Allergic components of eosinophilic esophagitis - 04/07/18

Doi : 10.1016/j.jaci.2018.05.001

Jonathan Spergel, MD, PhD ^a, Seema S. Aceves, MD, PhD ^b,^⁎
^a Department of Pediatrics, Perelman School of Medicine at the University of Pennsylvania, and the Division of Allergy and Immunology, Children's Hospital of Philadelphia, Philadelphia, Pa
^b Departments of Pediatrics and Medicine, Division of Allergy Immunology, University of California, San Diego, Rady Children's Hospital San Diego, La Jolla, Calif

^∗Corresponding author: Seema S. Aceves, MD, PhD, Division of Allergy and Immunology, University of California, San Diego, 9500 Gilman Dr, MC-0760, La Jolla, CA 92093.Division of Allergy and ImmunologyUniversity of California, San Diego9500 Gilman DrMC-0760La JollaCA92093

Abstract

Information for Category 1 CME Credit

Credit can now be obtained, free for a limited time, by reading the review articles in this issue. Please note the following instructions.

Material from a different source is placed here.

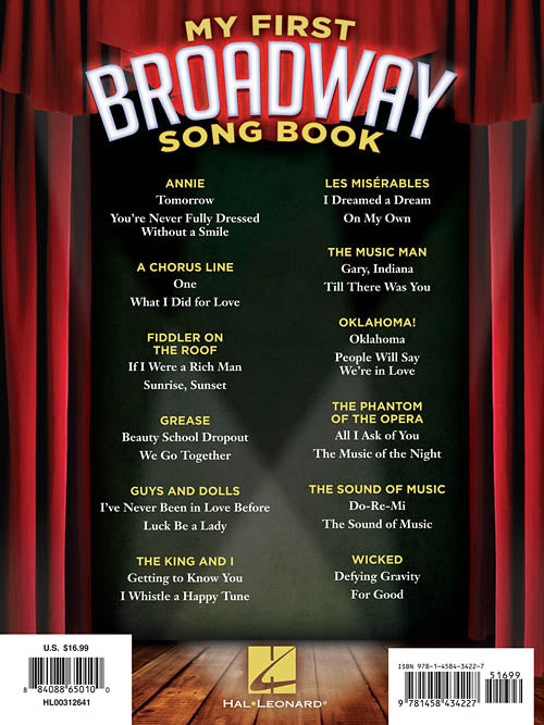My First Broadway Song Book A Treasury of Favorite Songs to Play Publisher: Hal Leonard Category: Keyboard & Piano/Vocal/Guitar Series: Easy Piano Songbook Format: Softcover This deluxe collection features easy piano arrangements of 24 favorites from...Regular price $21.99 -

Method of Physician Participation in Learning Process: The core material for these activities can be read in this issue of the Journal or online at the JACI Web site: www.jacionline.org. The accompanying tests may only be submitted online at www.jacionline.org. Fax or other copies will not be accepted.

Date of Original Release: July 2018. Credit may be obtained for these courses until June 30, 2019.

Overall Purpose/Goal: To provide excellent reviews on key aspects of allergic disease to those who research, treat, or manage allergic disease.

Target Audience: Physicians and researchers within the field of allergic disease.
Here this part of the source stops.